# Instructions for the task
Please output the data exactly, minus pictures.

# Supplied material
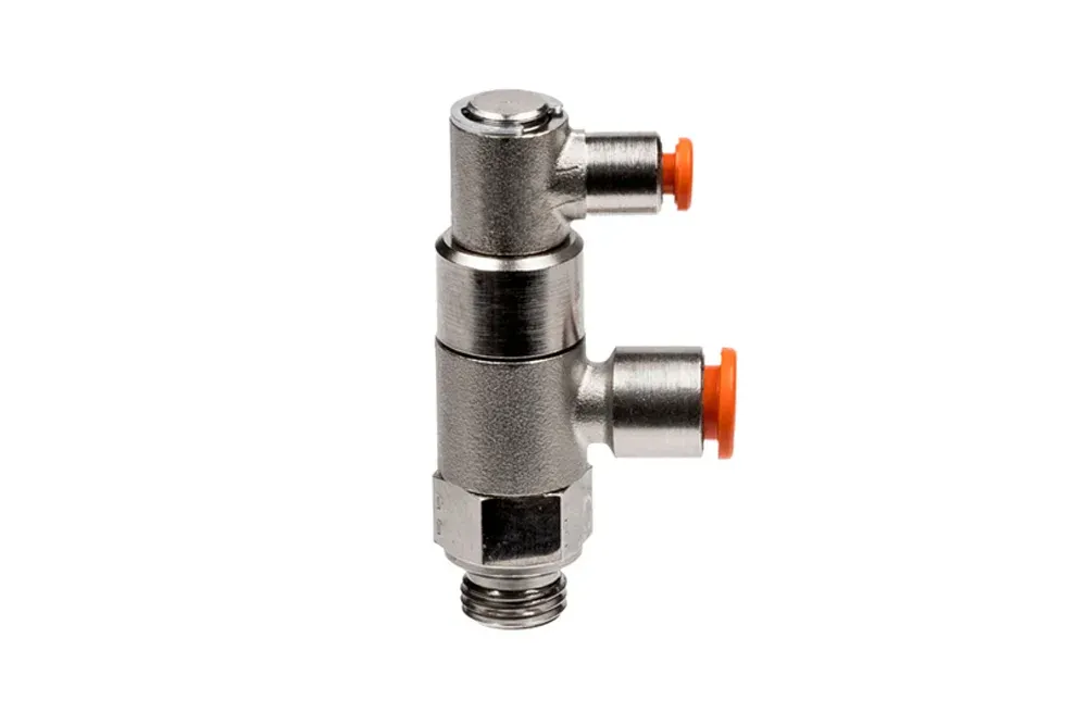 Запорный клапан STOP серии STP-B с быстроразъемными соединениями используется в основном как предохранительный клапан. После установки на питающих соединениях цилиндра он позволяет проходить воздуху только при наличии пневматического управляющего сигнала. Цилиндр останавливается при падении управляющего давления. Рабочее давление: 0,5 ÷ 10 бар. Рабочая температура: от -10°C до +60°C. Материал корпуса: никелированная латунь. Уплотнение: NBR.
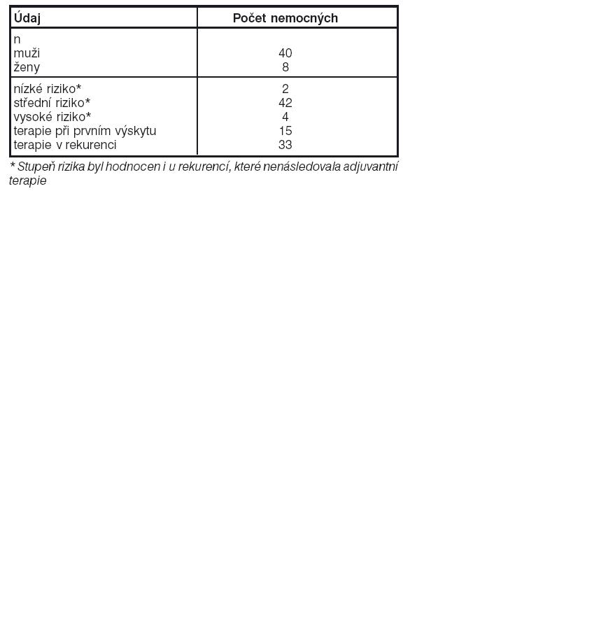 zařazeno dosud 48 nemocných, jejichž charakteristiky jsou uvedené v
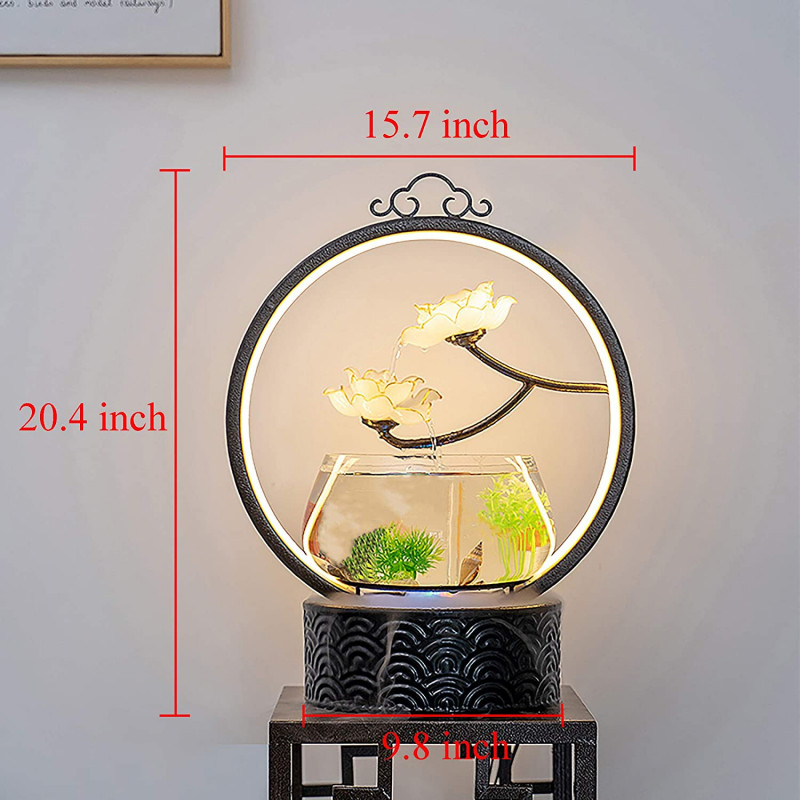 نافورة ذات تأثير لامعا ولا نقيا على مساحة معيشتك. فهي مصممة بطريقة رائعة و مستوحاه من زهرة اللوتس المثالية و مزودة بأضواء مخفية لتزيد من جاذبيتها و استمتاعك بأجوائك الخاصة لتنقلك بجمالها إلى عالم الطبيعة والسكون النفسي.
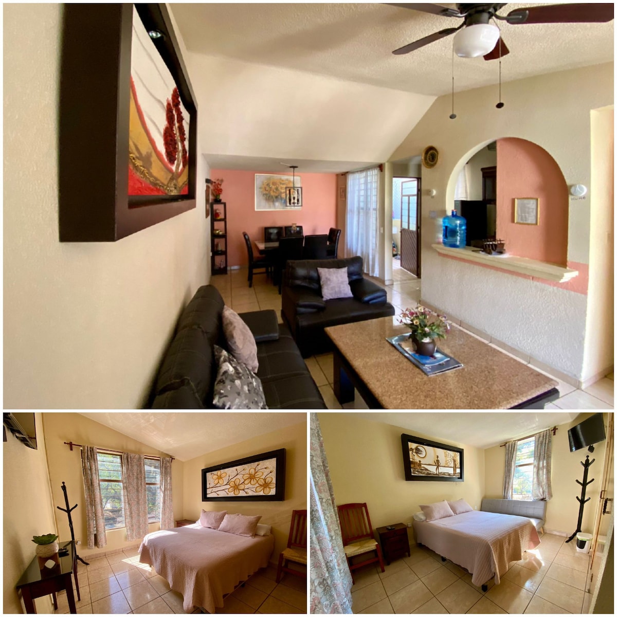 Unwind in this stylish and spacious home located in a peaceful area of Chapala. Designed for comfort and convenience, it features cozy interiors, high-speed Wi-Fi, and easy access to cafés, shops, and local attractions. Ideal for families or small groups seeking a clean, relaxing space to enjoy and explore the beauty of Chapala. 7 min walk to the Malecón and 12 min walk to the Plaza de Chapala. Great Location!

# Exercise solution
 Запорный клапан STOP серии STP-B с быстроразъемными соединениями используется в основном как предохранительный клапан. После установки на питающих соединениях цилиндра он позволяет проходить воздуху только при наличии пневматического управляющего сигнала. Цилиндр останавливается при падении управляющего давления. Рабочее давление: 0,5 ÷ 10 бар. Рабочая температура: от -10°C до +60°C. Материал корпуса: никелированная латунь. Уплотнение: NBR.
 zařazeno dosud 48 nemocných, jejichž charakteristiky jsou uvedené v
 نافورة ذات تأثير لامعا ولا نقيا على مساحة معيشتك. فهي مصممة بطريقة رائعة و مستوحاه من زهرة اللوتس المثالية و مزودة بأضواء مخفية لتزيد من جاذبيتها و استمتاعك بأجوائك الخاصة لتنقلك بجمالها إلى عالم الطبيعة والسكون النفسي.
 Unwind in this stylish and spacious home located in a peaceful area of Chapala. Designed for comfort and convenience, it features cozy interiors, high-speed Wi-Fi, and easy access to cafés, shops, and local attractions. Ideal for families or small groups seeking a clean, relaxing space to enjoy and explore the beauty of Chapala. 7 min walk to the Malecón and 12 min walk to the Plaza de Chapala. Great Location!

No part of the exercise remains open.